* DATA IN THIS EXERCISE

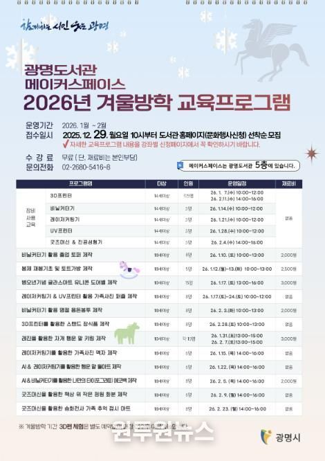(원투원뉴스) 광명시 광명도서관은 오는 29일부터 ‘메이커스페이스 2026년 겨울방학 교육 프로그램’ 참가자를 모집한다.
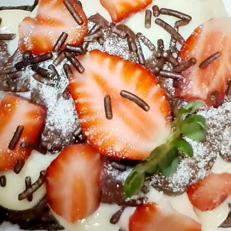 Desfrute de um irresistível Brownie coberto com o mais cremoso e autêntico creme de leite Ninho, a irresistível Nutella e pedaços de morangos fresquinhos, finalizado com granulado. Cada mordida é uma verdadeira explosão de sabor. Com um peso aproximado de 250g, este brownie é a indulgência perfeita para qualquer momento do Dia.
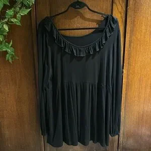 Black, long sleeve, empire waist, ruffled trim neck
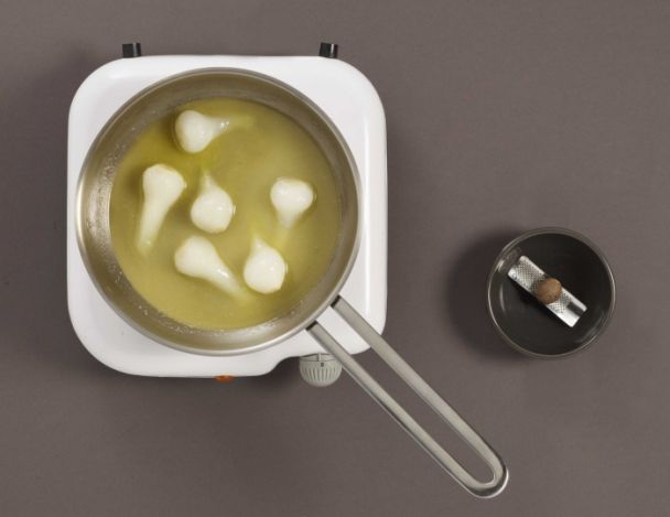 Faire confire doucement les oignons petit fane fondant et assaisonner avec une râper de muscade. Rajouter les oignons fanes confits aux févettes.
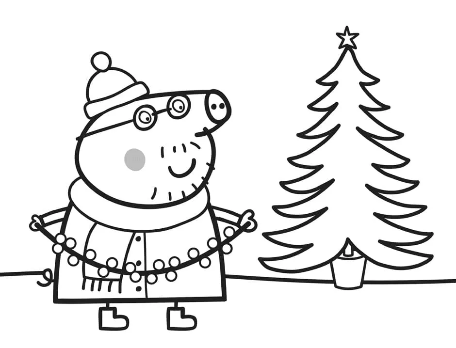 : Druckbar herunterladen Daddy Pig with Xmas Tree Malvorlage
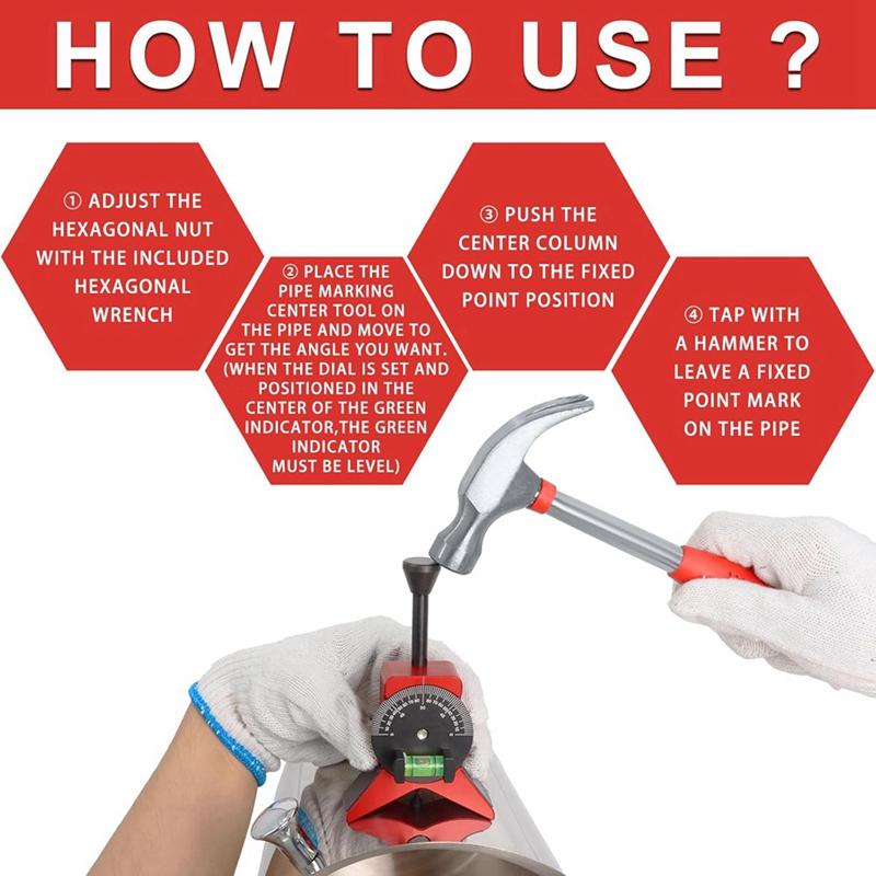[Легко использовать]: 1. Отрегулируйте шестигранную гайку с помощью прилагаемой отвертки.. 2. Поместите центральный инструмент для маркировки труб на трубу и перемещайте его, чтобы получить нужный угол.. (Когда циферблат установлен и расположен в центре зеленого индикатора, зеленый индикатор должен быть выровнен) 3. Опустите центральную колонну вниз до фиксированного положения.. 4. Постучите молотком, чтобы оставить на трубе фиксированную отметку.

* WHAT YOU HAVE TO DO
What do the lines above say from the line containing "Xmas Tree Malvorlage" through the last line? Quote them exactly, both ends included, and leave out the pictures.

* SOLUTION
 : Druckbar herunterladen Daddy Pig with Xmas Tree Malvorlage
[Легко использовать]: 1. Отрегулируйте шестигранную гайку с помощью прилагаемой отвертки.. 2. Поместите центральный инструмент для маркировки труб на трубу и перемещайте его, чтобы получить нужный угол.. (Когда циферблат установлен и расположен в центре зеленого индикатора, зеленый индикатор должен быть выровнен) 3. Опустите центральную колонну вниз до фиксированного положения.. 4. Постучите молотком, чтобы оставить на трубе фиксированную отметку.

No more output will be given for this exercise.